Finally, note that this Algorithm for computing \(t^*_V\) clearly remains \(O(n^2\log (n))\).

Appendix 2: Proof of Lemma 1

By permutation invariance, suppose we have relabeled so that \(x_1\le x_2\le x_3\le x_4\). We have 3 cases:

  1. (i)

    The points in A are inseparable. The fact that \(b_{1234}=0\) is an immediate consequence of Eq. (2).

  2. (ii)

    The points in A are concordant. In this case we must have that \(x_2<x_3\) and either \(\max (y_1,y_2) < \min (y_3,y_4)\) or \(\min (y_1,y_2) > \max (y_3,y_4)\). By symmetry we need only consider the case when \(\max (y_1,y_2) < \min (y_3,y_4)\). By Eq. (2) it follows, with some thought, that \(a(x_{\pi (1,2,3,4)}) = a(y_{\pi (1,2,3,4)})\) for all permutations \(\pi \in S_4\) and thus, for any \(\pi \in S_4\) we have \(a(x_{\pi (1,2,3,4)})a(y_{\pi (1,2,3,4)}) = a(x_{\pi (1,2,3,4)})^2\) with

    $$\begin{aligned} a(x_{\pi (1,2,3,4)})^2&=\left\{ \begin{array}{lll} 1 &{} \quad \text{ if } \max (x_{\pi (1)}, x_{\pi (2)}) < \min (x_{\pi (3)}, x_{\pi (4)})\text { or} \\ &{} \min (x_{\pi (1)}, x_{\pi (2)}) > \max (x_{\pi (3)}, x_{\pi (4)})\text { or}\\ &{} \max (x_{\pi (1)}, x_{\pi (3)}) < \min (x_{\pi (2)}, x_{\pi (4)})\text { or}\\ &{} \min (x_{\pi (1)}, x_{\pi (3)}) > \max (x_{\pi (2)}, x_{\pi (4)}),\\ 0 &{} \quad \text {otherwise.} \end{array} \right. \end{aligned}$$

    But since \(x_1\le x_2 < x_3\le x_4\) we have that \(a(x_{\pi (1,2,3,4)})a(y_{\pi (1,2,3,4)})=1\) if and only if \(\{\pi (1),\pi (2)\} \in \{\{1,2\}, \{3,4\}\}\) or \(\{\pi (1),\pi (3)\} \in \{\{1,2\}, \{3,4\}\}\).

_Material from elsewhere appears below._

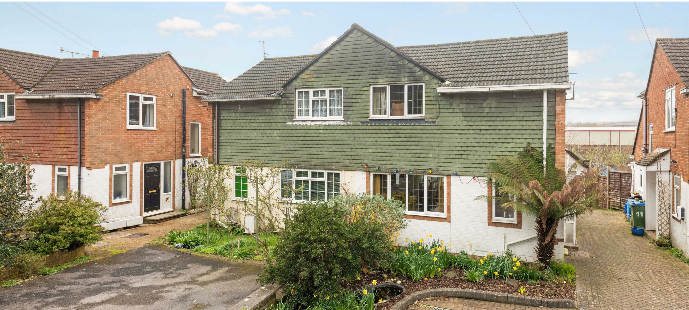
Orchard Road, Lewes

There are exactly \(2^4=16\) such permutations and thus \(b_{1234}=16\).

  3. (iii)

    The points in A are discordant. Once again we must have that \(x_2<x_3\). It then follows, by the definition of discordant, that \(y_1\not =y_2\) and \(y_3\not =y_4\). We prove an intermediary lemma:

Lemma 2

Suppose that \((x_1,y_1),\ldots ,(x_4,y_4)\) are discordant and \(x_1\le x_2< x_3\le x_4\). Let

$$\begin{aligned} (x_5,y_5)&=\! (x_1,y_2),&(x_6,y_6)&=\! (x_2,y_1),&(x_7,y_7)&=\! (x_3,y_3),&(x_8,y_8)&=\! (x_4,y_4), \end{aligned}$$

so that \((x_5,y_5),\ldots ,(x_8,y_8)\) are simply \((x_1,y_1),\ldots ,(x_4,y_4)\) with \(y_1,y_2\) switched. Then \(b_{1234} = b_{5678}\). Moreover, the same result is true if we flipped \(y_3,y_4\) instead of \(y_1,y_2\).

Proof

First note that, trivially, \(a(x_{\pi (1,2,3,4)}) = a(x_{\pi (5,6,7,8)})\) for any \(\pi \in S_4\). Let \(\pi \) be any permutation so that \(a(x_{\pi (1,2,3,4)})^2=1\). From case (ii) we know that we must have \(\{\pi (1),\pi (2)\} \in \{\{1,2\}, \{3,4\}\}\) or \(\{\pi (1),\pi (3)\} \in \{\{1,2\}, \{3,4\}\}\). Suppose that \(\{\pi (1),\pi (2)\}=\{1,2\}\), and let \(\pi '\in S_4\) be the permutation where

$$\begin{aligned} \pi '(1) = \pi (2),\ \ \pi '(2) = \pi (1),\ \ \pi '(3) = \pi (3),\ \ \pi '(4) = \pi (4). \end{aligned}$$

Then clearly \( a(x_{\pi (1,2,3,4)}) = a(x_{\pi '(1,2,3,4)}) = a(x_{\pi (5,6,7,8)}) = a(x_{\pi '(5,6,7,8)})\) but

$$\begin{aligned} a(y_{\pi (1,2,3,4)})&= a(y_{\pi '(5,6,7,8)}),&a(y_{\pi '(1,2,3,4)})&= a(y_{\pi (5,6,7,8)}), \end{aligned}$$

and thus

$$\begin{aligned}&a(x_{\pi (1,2,3,4)})a(x_{\pi (1,2,3,4)}) + a(x_{\pi '(1,2,3,4)})a(x_{\pi '(1,2,3,4)}) \\&\quad = a(x_{\pi (5,6,7,8)})a(x_{\pi (5,6,7,8)}) + a(x_{\pi '(5,6,7,8)})a(x_{\pi '(5,6,7,8)}). \end{aligned}$$

As we may perform a similar procedure to all \(\pi \in S_4\) with \(a(x_{\pi (1,2,3,4)})^2=1\) (changing the choice of \(\pi '\)), we see that \(b_{1234} = b_{5678}\) as claimed.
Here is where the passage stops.